Он смотрит на нее, не надевая очки. Он уже готов был поведать ей, что его возвращение домой было вызвано лишь жаждой мести, и как он собирался использовать ее в качестве орудия этой мести, и как он осознал свои заблуждения и полюбил их всех… но ее вопрос ставит его в тупик: зачем он рассказывает ей? Зачем это вообще надо кому-нибудь говорить? — Не знаю, Вив; просто мне нужно кому-то рассказать… (Не то чтобы она повела себя враждебно по отношению ко мне, конечно нет, вина ее заключалась в другом — в том, как она откинула волосы с лица, в нежности кожи на ее шее, в отблесках пламени на ее скулах…)

— Но, Ли, мы едва знакомы с тобой, есть Хэнк или Джо Бен…

— Вив, мне нужна была ты, а не Хэнк или Джо Бен. Я не могу… понимаешь, я не могу им сказать то, что могу…
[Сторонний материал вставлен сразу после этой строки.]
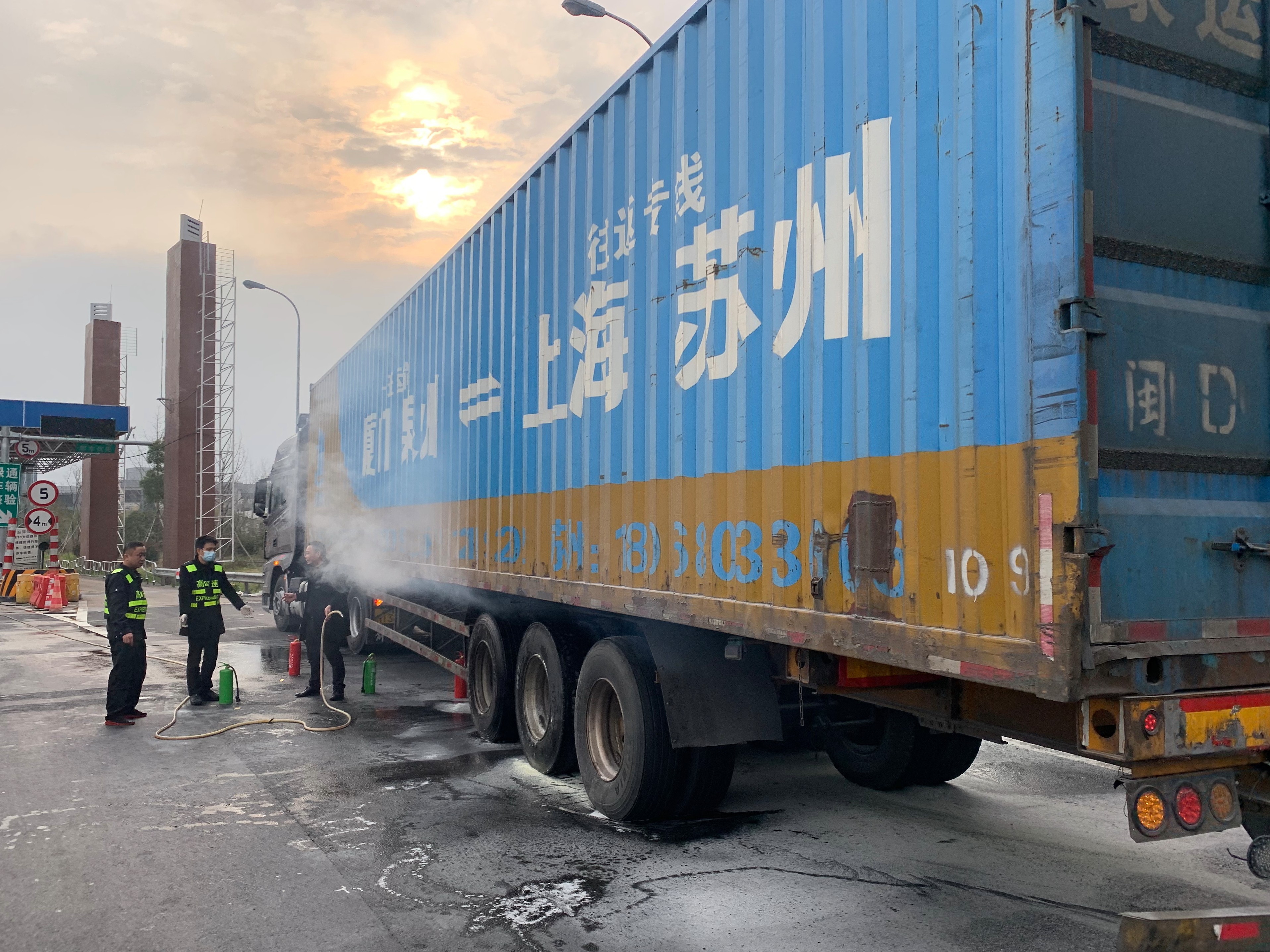 “嘭……”3月5日早上7:35分左右,臺州收費(fèi)所傳來一聲巨響,一輛車牌“閩”字開頭的大貨車緩緩駛來,其車廂后輪胎正冒火光,隨之白煙滾滾升起,駕駛員卻渾然不知,一路行駛。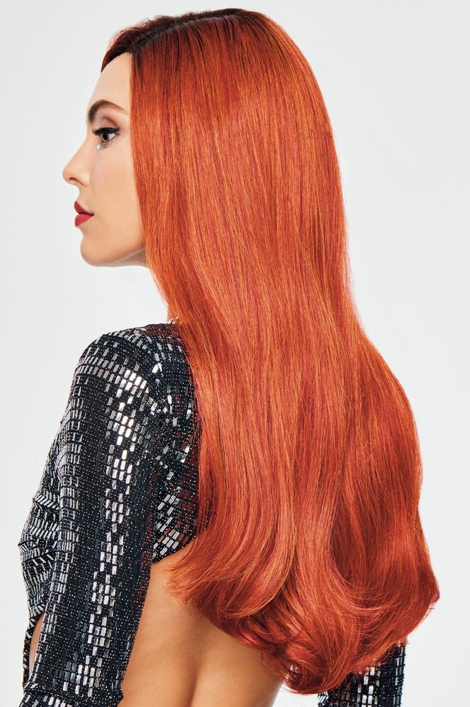 Mane Flame from Hairdo has bold and spicy-hot long, loose waves in a scroll-stopping shade of rooted red-orange. They’ll love your new look and you’ll love that it comes with no strings, no damage, no commitment. Vivid and red-hot without regular touch ups? Sign me up!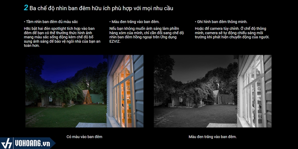 • Tầm nhìn ban đêm đủ màu sắc: H8c bật hai đèn spotlight tích hợp vào ban đêm để bạn có thể thưởng thức hình ảnh mang màu sắc sống động kèm chế độ bổ sung ánh sáng để bảo vệ ngôi nhà của bạn an toàn hơn.

Из темноты доносится какой-то звук. Ли умолкает, почувствовав мгновенное облегчение от того, что можно не продолжать. Из низины доносится протяжное «Хиэйоу-оу-оу!», и его облегчение тут же переходит в разочарование. «Черт. Это Джо Бен. Они возвращаются». Он начинает прикидывать с отчаянной скоростью.

— Вив, послушай, давай встретимся завтра, пожалуйста, чтобы я мог договорить. Пожалуйста, давай поговорим где-нибудь завтра с глазу на глаз.

— Что ты имеешь в виду?

— Ха! Мы же уже договорились, если ты помнишь. Копать устриц!

— Устриц? Но я же пошутила.

— А я не шучу. Давай встретимся… где? На причале, на берегу?

— Зачем, Ли? Ты так и не сказал мне зачем.

— Затем. Мне надо с кем-нибудь поговорить. С тобой. Пожалуйста.

На лице ее появляется очень серьезное выражение.

— Но даме в моем положении…

— Вив! Прошу тебя… Мне нужна ты!

Требовательно схватив ее за кисть, он поворачивает ее лицом к себе; но теперь ее внимание не задерживается ни на его пальцах, ни на цепком взгляде, оно скользит дальше, туда, где… где она ощущает сжатую пружину необходимости быть, агонию, потуги родить, открыться, попытки провозгласить: «Это — Я!» «Вив, пожалуйста» — словно темный, больной цветок, слишком долго бывший в бутоне, пытается расправить свои искореженные лепестки в последних лучах заходящего солнца. И, видя это, она чувствует, что его расцвет зависит только от ее щедрости, и в то же время ощущает, как ледяной пузырь у нее под ложечкой начинает вздыматься и набухать теплом. — Может быть. Может быть вот что. Может, эта пустота не оттого, что что-то исчезло, а оттого, что что-то не получено!